◆ Work task:
Would you please transcribe the listing exactly, with no images?

◆ Given data:
_ _ _
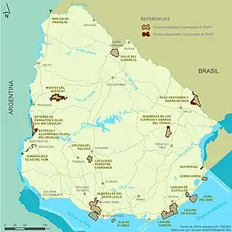2. a b Poder Ejecutivo (16 de febrero de 2005). «Decreto 52/005 Sistema Nacional de Áreas Protegidas». Consultado el 21 de febrero de 2014.
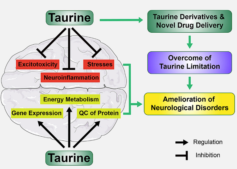 Taurine was first revealed as a constituent of ox bile in 1827 and is a sulfur-containing semi-essential amino acid available in mammals. It plays a crucial role in the developmental processes [[1], [2], [3]]. Taurine is chiefly produced in the liver and kidney; however, it has been found in most other cells and tissues, including the brain, retina, heart, placenta, leukocytes and muscle [4]. It is a crucial factor in various processes such as brain development, optical and immune systems, osmotic regulation, reproduction, stabilization of membranes, cardiac muscle regulation and inflammation [4,5].
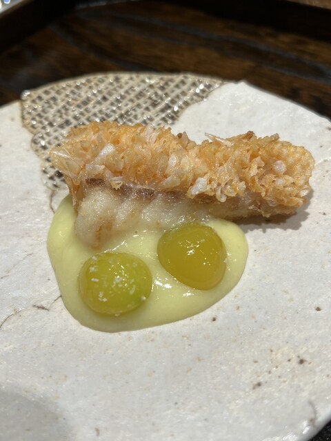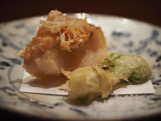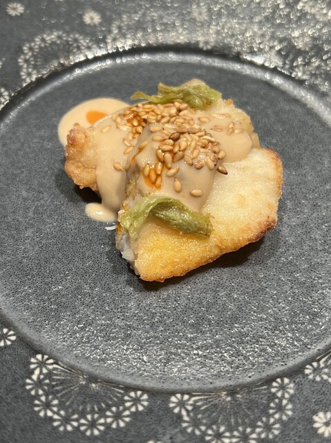 ②あいなめ天ぷら 自家製ラー油、胡麻ソース 蕗の薹
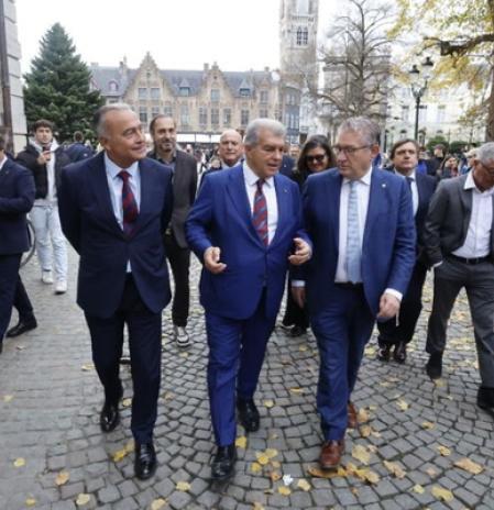 接待儀式結(jié)束后,巴薩代表團與市長一起步行十分鐘左右,穿過了布滿鵝卵石街道的歷史中心區(qū)域,沿途是標志性的運河和中世紀建筑,這使得布魯日成為比利時最具代表性的城市之一。輕松的氛圍讓拉波爾塔得以回應(yīng)一些在場球迷的問候,他們在主席漫步市中心時向他喊話。
_ _ _
◆ Answer section:
2. a b Poder Ejecutivo (16 de febrero de 2005). «Decreto 52/005 Sistema Nacional de Áreas Protegidas». Consultado el 21 de febrero de 2014.
 Taurine was first revealed as a constituent of ox bile in 1827 and is a sulfur-containing semi-essential amino acid available in mammals. It plays a crucial role in the developmental processes [[1], [2], [3]]. Taurine is chiefly produced in the liver and kidney; however, it has been found in most other cells and tissues, including the brain, retina, heart, placenta, leukocytes and muscle [4]. It is a crucial factor in various processes such as brain development, optical and immune systems, osmotic regulation, reproduction, stabilization of membranes, cardiac muscle regulation and inflammation [4,5].
 ②あいなめ天ぷら 自家製ラー油、胡麻ソース 蕗の薹
 接待儀式結(jié)束后,巴薩代表團與市長一起步行十分鐘左右,穿過了布滿鵝卵石街道的歷史中心區(qū)域,沿途是標志性的運河和中世紀建筑,這使得布魯日成為比利時最具代表性的城市之一。輕松的氛圍讓拉波爾塔得以回應(yīng)一些在場球迷的問候,他們在主席漫步市中心時向他喊話。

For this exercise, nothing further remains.